In summary there appears to be a potential emerging global epidemic of newly detected lung nodules.[5] This increased detection of indeterminate pulmonary nodules in the absence of reliable non-invasive strategies to differentiate benign and malignant nodules will almost certainly result in an increase in iatrogenic mortality, treatment related morbidity and health care costs. While unnecessary invasive diagnostic and therapeutic interventions were kept to a minimum in the NLST study, the management of indeterminate pulmonary nodules in clinical practice serving the general population remains a major challenge.[2] Clinical risk calculators have significantly improved the management of indeterminate pulmonary nodules, but additional tools to distinguish benign from malignant nodules are needed, especially for intermediate risk pulmonary nodules, in order to minimize patient anxiety, radiation exposure, health care costs, and procedural morbidity and mortality.[611]

We have previously demonstrated that quantitative volumetric CT-based nodule characterization effectively risk-stratifies lung nodules of the adenocarcinoma spectrum.[1216] In addition we have recently reported in a Lung Tissue Research Consortium based case control study that radiological features of the nodule surrounding lung tissue are potentially valuable in distinguishing benign from malignant lung nodules. (manuscript submitted)

This approach eliminates the intra- and inter-observer variability and is independent of the training level of the interpreting radiologist. In addition, modern digital CT images include a large amount of valuable high-dimensional data that currently is not fully utilized besides contributing to the overall impression “gestalt” by the radiologist. This invaluable resource can be leveraged by modern quantitative imaging methods.

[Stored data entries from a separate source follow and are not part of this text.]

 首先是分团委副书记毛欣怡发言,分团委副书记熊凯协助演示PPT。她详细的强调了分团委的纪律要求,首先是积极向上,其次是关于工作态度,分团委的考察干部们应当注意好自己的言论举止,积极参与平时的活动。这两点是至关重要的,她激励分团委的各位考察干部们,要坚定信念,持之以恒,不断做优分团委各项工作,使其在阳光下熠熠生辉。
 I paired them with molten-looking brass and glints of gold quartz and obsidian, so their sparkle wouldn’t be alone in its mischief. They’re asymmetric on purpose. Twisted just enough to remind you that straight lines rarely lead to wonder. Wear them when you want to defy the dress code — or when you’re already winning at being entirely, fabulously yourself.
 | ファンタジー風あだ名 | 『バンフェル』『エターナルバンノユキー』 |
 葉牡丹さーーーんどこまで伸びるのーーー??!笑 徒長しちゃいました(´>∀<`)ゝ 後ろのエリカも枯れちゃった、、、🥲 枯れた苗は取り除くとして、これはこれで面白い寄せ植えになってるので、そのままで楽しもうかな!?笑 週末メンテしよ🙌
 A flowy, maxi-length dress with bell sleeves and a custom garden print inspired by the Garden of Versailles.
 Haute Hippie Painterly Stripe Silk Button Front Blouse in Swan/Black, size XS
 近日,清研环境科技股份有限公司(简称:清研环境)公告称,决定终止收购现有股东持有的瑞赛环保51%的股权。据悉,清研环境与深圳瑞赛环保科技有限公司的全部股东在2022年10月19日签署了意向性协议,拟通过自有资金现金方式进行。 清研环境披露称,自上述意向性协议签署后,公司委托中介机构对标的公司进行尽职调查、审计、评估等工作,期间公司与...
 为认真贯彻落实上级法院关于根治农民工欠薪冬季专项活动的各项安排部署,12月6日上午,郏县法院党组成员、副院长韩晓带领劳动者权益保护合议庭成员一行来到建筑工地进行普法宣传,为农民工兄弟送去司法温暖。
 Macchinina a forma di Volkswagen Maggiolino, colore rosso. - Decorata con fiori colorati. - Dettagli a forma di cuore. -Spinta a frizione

Radiomic approaches to lung nodule analysis consist of extracting reproducible and objective quantitative radiological variables from CT datasets, reducing large volumes of complex data to manageable and clinically relevant information.[17] These quantitative imaging techniques have been proposed to facilitate the development of diagnostic and prognostic models in lung imaging, allowing for example the risk-stratification of lung adenocarcinomas, the classification of screen- or incidentally detected lung nodules and the characterization of lung cancer subtypes and tumor heterogeneity.[14, 1823] In this study, we used the NLST dataset to develop and internally validate a radiological multivariate model to distinguish malignant from benign CT-screen detected indeterminate pulmonary nodules.

Methods

Subject selection

The Mayo Clinic and Vanderbilt University Institutional Review Boards approved or exempted this study (IRB numbers: Vanderbilt University 151500 and Mayo Clinic 15–002674). All participants for the present study were selected from the pool of eligible participants in the NLST, and all patient data were fully anonymized. The methods of the NLST have been published elsewhere.[2, 24] Briefly, the NLST was a randomized controlled trial conducted at 33 US centers, approved by the Institutional review boards at all centers. The study recruited asymptomatic high-risk individuals from August 2002 through April 2004, aged 55 to 74 years, with a smoking history of at least 30 pack-years, who quit 15 years or less prior to randomization. Individuals were screened with either annual low-dose CT or chest X-ray for three years and followed through December 31, 2009. 26,722 individuals were randomized to the low-dose CT arm, and over 10,000 nodules (4–30 mm in longest diameter) were detected during the screening rounds.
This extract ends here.